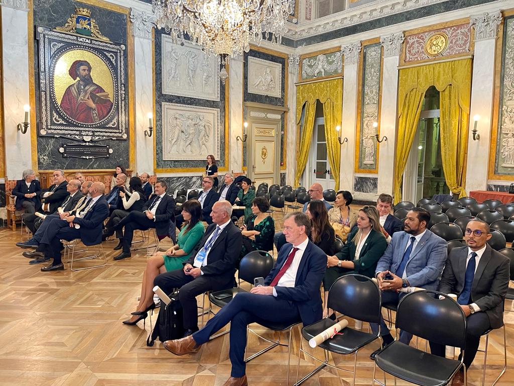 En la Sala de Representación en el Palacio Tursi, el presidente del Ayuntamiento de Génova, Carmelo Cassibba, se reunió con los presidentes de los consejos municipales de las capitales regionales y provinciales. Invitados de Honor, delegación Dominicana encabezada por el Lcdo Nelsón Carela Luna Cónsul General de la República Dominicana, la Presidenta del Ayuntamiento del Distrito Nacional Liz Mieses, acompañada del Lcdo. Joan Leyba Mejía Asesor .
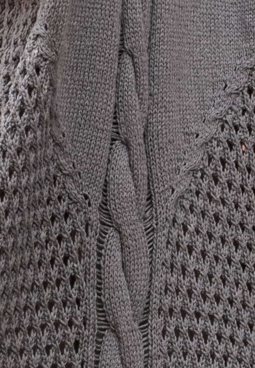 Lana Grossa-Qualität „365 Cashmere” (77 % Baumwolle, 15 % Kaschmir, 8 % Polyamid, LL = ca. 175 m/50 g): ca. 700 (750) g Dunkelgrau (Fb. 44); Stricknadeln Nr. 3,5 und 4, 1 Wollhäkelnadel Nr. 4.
--
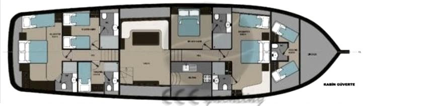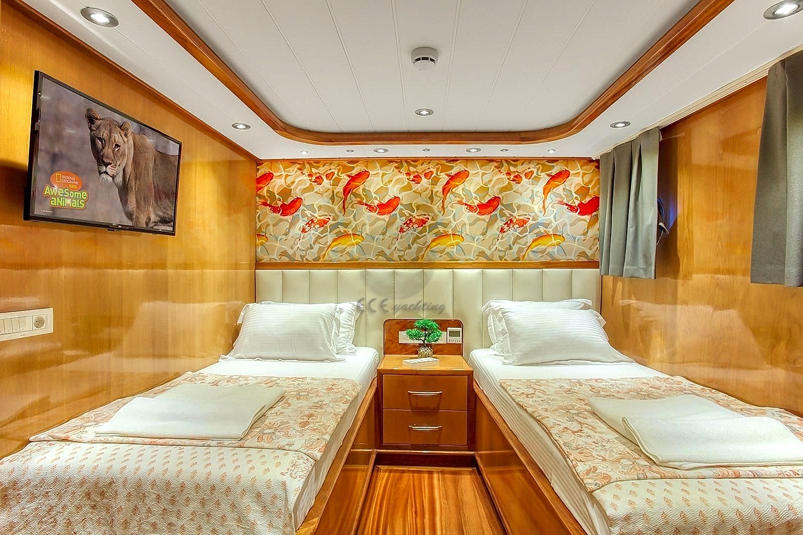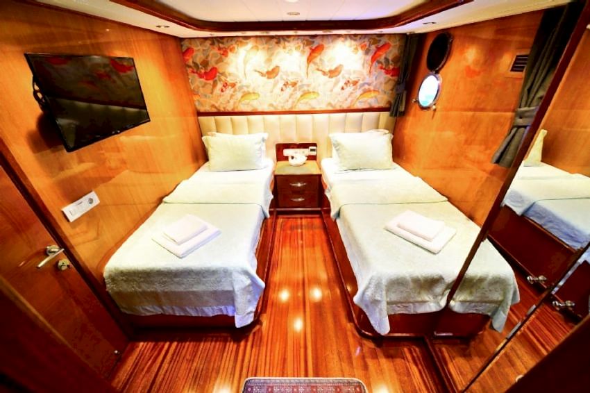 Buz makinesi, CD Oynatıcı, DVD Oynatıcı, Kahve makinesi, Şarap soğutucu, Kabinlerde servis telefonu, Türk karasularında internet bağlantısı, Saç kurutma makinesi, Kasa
--
WHAT THIS TASK INVOLVES. What belongs in the answer is each line above from the line with "En la Sala de" to the line with "Lana Grossa-Qualität „365", inclusive, reproduced exactly and free of pictures.

TASK RESULT.
 En la Sala de Representación en el Palacio Tursi, el presidente del Ayuntamiento de Génova, Carmelo Cassibba, se reunió con los presidentes de los consejos municipales de las capitales regionales y provinciales. Invitados de Honor, delegación Dominicana encabezada por el Lcdo Nelsón Carela Luna Cónsul General de la República Dominicana, la Presidenta del Ayuntamiento del Distrito Nacional Liz Mieses, acompañada del Lcdo. Joan Leyba Mejía Asesor .
 Lana Grossa-Qualität „365 Cashmere” (77 % Baumwolle, 15 % Kaschmir, 8 % Polyamid, LL = ca. 175 m/50 g): ca. 700 (750) g Dunkelgrau (Fb. 44); Stricknadeln Nr. 3,5 und 4, 1 Wollhäkelnadel Nr. 4.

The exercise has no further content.